AIM OF THE EXERCISE = Exact repetition of a range: find the line containing "スーパーファイヤープロレスリング3 取扱説明書 スーパーファミコン SFC 説明書" and the line containing "Воспитанники подготовительной группы" in the material below, then repeat both and all lines between them, leaving pictures out.

*** INFORMATION

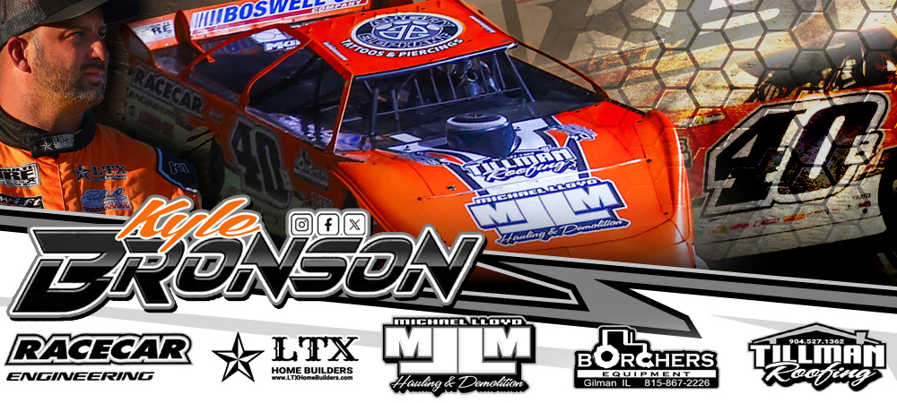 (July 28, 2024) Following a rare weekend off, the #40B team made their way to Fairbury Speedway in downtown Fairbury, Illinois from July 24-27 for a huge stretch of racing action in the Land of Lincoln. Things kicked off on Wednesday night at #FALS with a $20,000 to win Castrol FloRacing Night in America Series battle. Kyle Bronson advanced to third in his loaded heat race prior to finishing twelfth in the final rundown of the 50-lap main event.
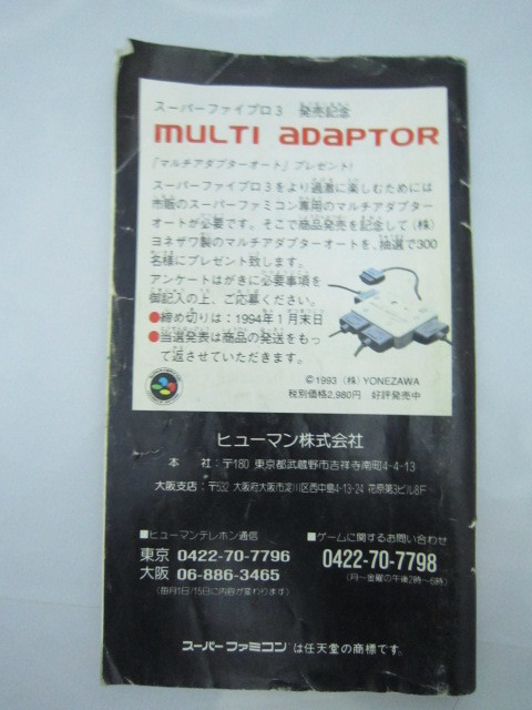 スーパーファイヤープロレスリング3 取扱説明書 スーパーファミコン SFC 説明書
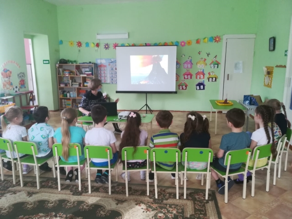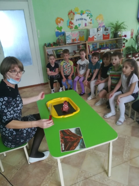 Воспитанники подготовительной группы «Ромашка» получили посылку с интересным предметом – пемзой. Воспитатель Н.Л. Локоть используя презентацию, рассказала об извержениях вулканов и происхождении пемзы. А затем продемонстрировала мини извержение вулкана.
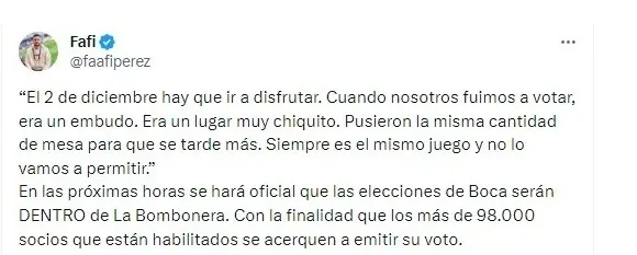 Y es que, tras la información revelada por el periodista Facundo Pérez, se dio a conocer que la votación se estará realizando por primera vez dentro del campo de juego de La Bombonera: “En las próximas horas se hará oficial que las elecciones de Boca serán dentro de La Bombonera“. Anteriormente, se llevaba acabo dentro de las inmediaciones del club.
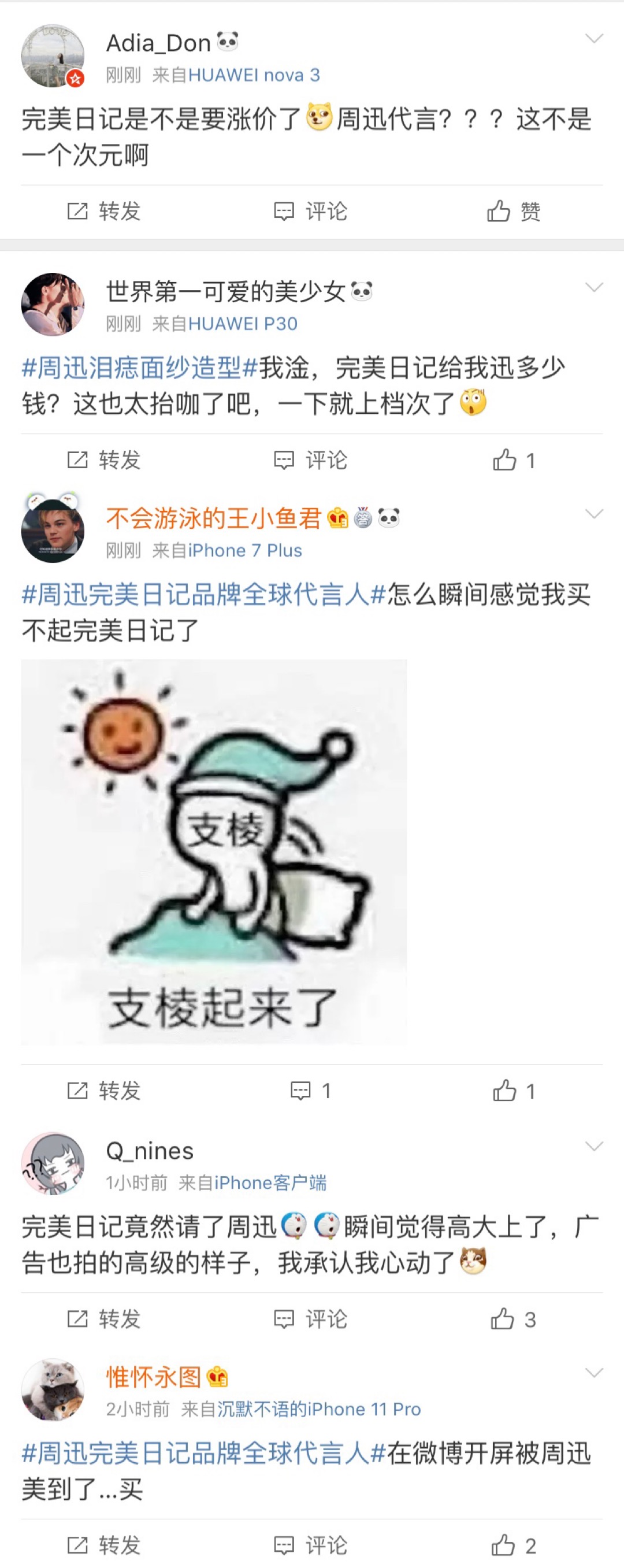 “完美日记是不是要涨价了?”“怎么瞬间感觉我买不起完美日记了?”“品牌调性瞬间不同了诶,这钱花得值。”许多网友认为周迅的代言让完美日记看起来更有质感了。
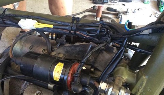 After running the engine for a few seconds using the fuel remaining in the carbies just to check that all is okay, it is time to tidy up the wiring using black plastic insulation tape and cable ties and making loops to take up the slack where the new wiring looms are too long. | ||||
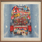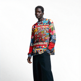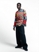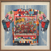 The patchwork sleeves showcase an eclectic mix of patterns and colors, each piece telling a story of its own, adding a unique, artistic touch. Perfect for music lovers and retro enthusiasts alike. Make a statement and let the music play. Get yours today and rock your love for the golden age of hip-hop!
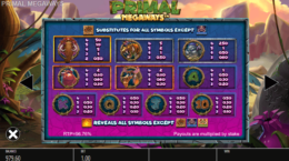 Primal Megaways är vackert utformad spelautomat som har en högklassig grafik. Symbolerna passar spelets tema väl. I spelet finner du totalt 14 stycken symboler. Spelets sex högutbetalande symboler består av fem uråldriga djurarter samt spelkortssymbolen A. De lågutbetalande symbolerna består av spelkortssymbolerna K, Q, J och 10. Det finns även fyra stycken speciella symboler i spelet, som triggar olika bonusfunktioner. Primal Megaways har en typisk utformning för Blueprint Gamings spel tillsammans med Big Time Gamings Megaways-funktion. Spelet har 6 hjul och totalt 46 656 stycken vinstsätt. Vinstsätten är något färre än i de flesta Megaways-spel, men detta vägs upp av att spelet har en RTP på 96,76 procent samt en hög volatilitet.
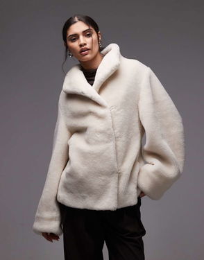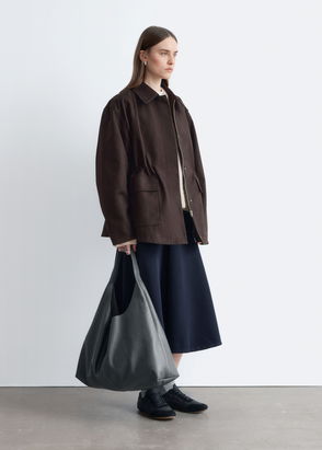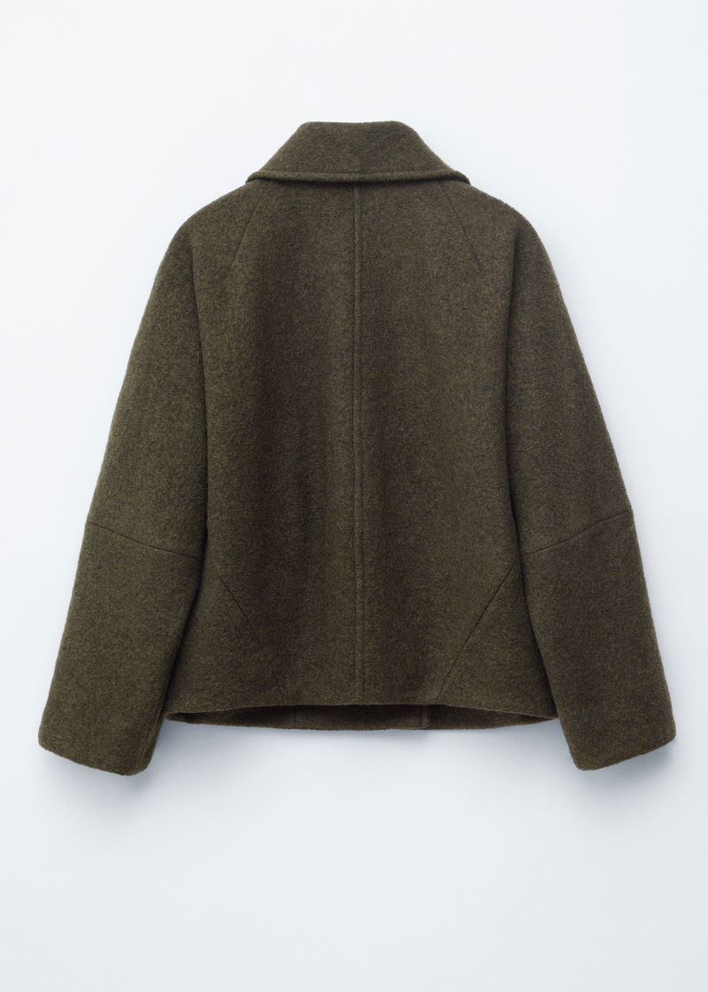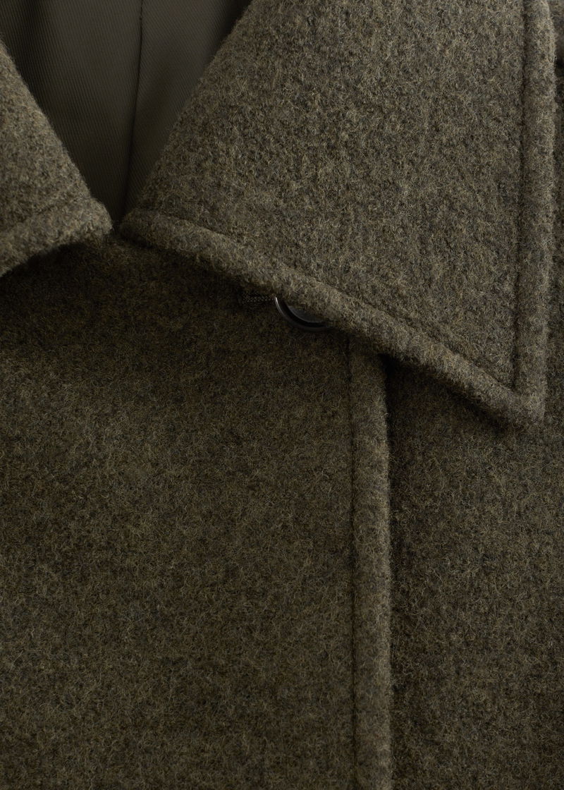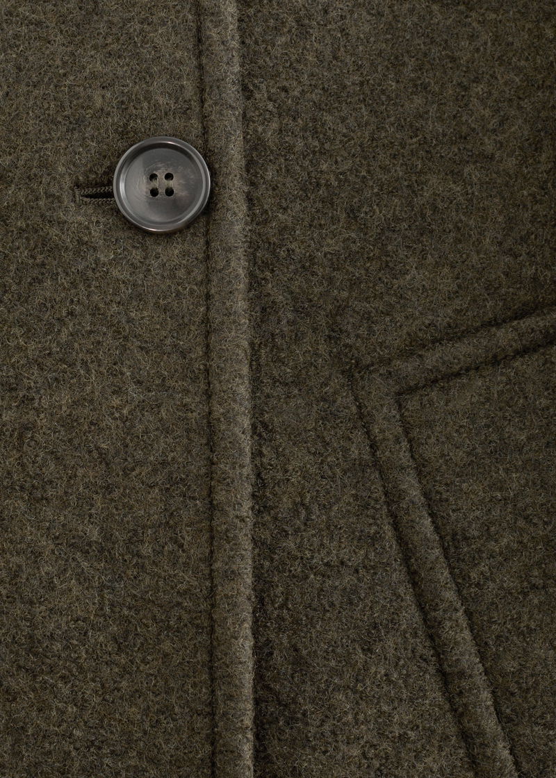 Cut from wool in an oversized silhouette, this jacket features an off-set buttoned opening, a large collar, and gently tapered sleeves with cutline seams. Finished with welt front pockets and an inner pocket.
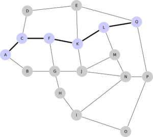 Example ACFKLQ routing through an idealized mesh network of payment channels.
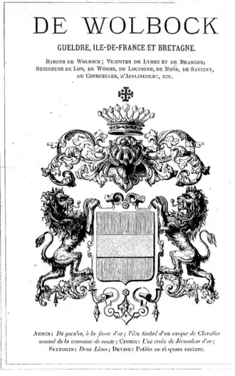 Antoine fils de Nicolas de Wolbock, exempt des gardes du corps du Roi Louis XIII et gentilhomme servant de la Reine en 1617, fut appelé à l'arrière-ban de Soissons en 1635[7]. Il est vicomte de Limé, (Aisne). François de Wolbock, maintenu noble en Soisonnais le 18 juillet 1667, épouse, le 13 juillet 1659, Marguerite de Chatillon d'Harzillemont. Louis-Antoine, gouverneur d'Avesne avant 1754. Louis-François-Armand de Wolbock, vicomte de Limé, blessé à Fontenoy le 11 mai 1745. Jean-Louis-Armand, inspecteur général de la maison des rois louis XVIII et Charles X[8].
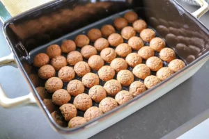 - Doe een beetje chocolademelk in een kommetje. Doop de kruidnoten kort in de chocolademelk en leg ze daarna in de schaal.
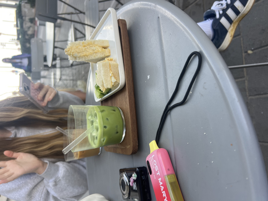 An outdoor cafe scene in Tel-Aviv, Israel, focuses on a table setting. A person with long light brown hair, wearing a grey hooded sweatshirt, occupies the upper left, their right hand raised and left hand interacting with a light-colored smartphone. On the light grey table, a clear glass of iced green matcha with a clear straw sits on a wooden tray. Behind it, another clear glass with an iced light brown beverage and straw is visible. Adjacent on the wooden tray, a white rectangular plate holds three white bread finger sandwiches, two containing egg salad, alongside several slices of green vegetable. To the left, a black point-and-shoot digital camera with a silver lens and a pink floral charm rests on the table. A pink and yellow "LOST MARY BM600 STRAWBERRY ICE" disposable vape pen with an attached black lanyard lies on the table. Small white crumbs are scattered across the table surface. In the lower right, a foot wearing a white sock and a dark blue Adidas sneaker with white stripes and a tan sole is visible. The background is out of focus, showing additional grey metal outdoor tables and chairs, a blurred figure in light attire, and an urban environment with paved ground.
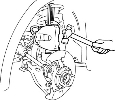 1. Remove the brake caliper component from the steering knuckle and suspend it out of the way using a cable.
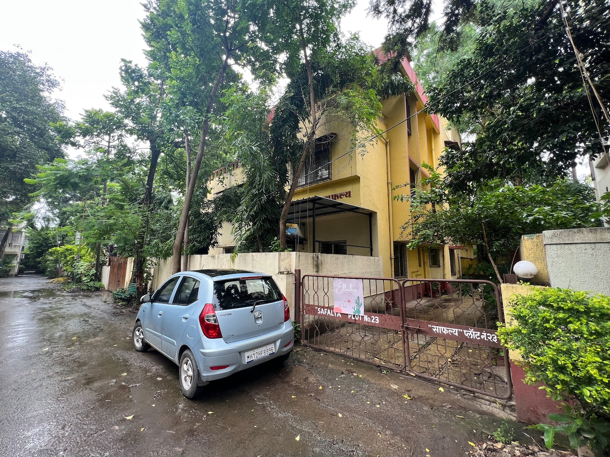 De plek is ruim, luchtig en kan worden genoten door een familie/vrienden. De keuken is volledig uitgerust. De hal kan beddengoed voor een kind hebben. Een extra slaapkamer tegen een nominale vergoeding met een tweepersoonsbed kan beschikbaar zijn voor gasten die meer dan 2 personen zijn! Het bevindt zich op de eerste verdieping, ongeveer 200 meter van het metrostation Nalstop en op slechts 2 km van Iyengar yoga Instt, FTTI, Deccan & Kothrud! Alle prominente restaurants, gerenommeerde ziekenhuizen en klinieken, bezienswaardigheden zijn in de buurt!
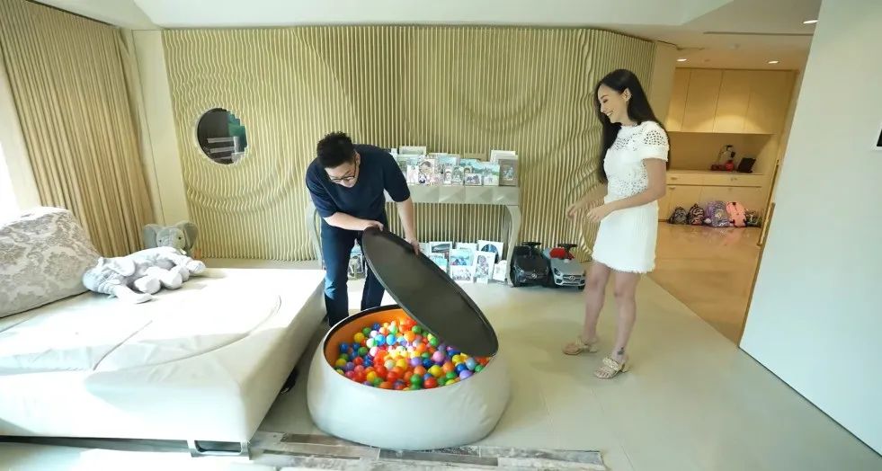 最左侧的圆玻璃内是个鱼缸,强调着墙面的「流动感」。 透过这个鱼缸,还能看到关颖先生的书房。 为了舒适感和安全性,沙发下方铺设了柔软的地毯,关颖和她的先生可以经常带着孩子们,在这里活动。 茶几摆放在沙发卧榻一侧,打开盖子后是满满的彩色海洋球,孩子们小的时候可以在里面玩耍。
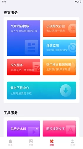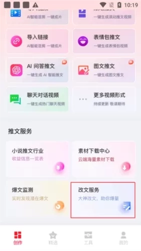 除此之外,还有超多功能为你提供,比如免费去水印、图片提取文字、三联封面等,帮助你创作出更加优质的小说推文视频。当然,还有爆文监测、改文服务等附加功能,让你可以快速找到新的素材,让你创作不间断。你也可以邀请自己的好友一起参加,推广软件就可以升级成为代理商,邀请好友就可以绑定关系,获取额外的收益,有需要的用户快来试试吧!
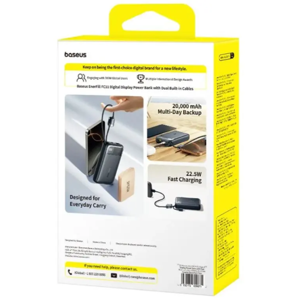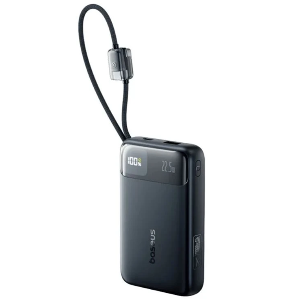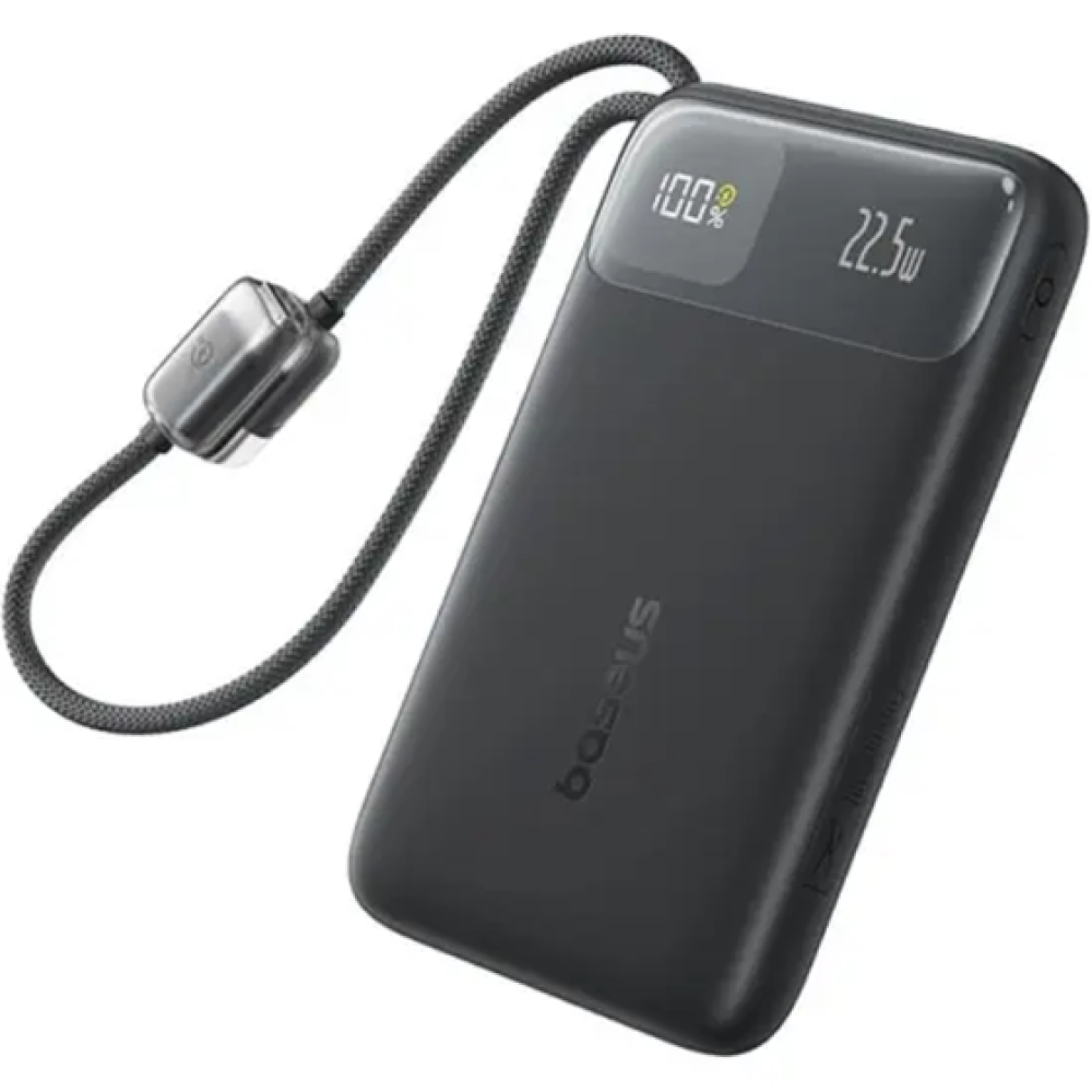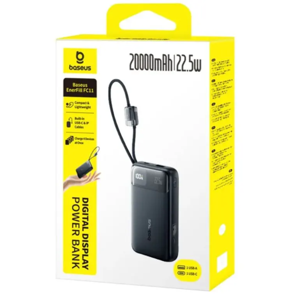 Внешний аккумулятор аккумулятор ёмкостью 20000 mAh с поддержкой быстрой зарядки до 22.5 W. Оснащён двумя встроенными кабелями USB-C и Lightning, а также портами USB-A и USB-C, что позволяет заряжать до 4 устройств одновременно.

******

ANSWER FOR THE TASK =
 スーパーファイヤープロレスリング3 取扱説明書 スーパーファミコン SFC 説明書
 Воспитанники подготовительной группы «Ромашка» получили посылку с интересным предметом – пемзой. Воспитатель Н.Л. Локоть используя презентацию, рассказала об извержениях вулканов и происхождении пемзы. А затем продемонстрировала мини извержение вулкана.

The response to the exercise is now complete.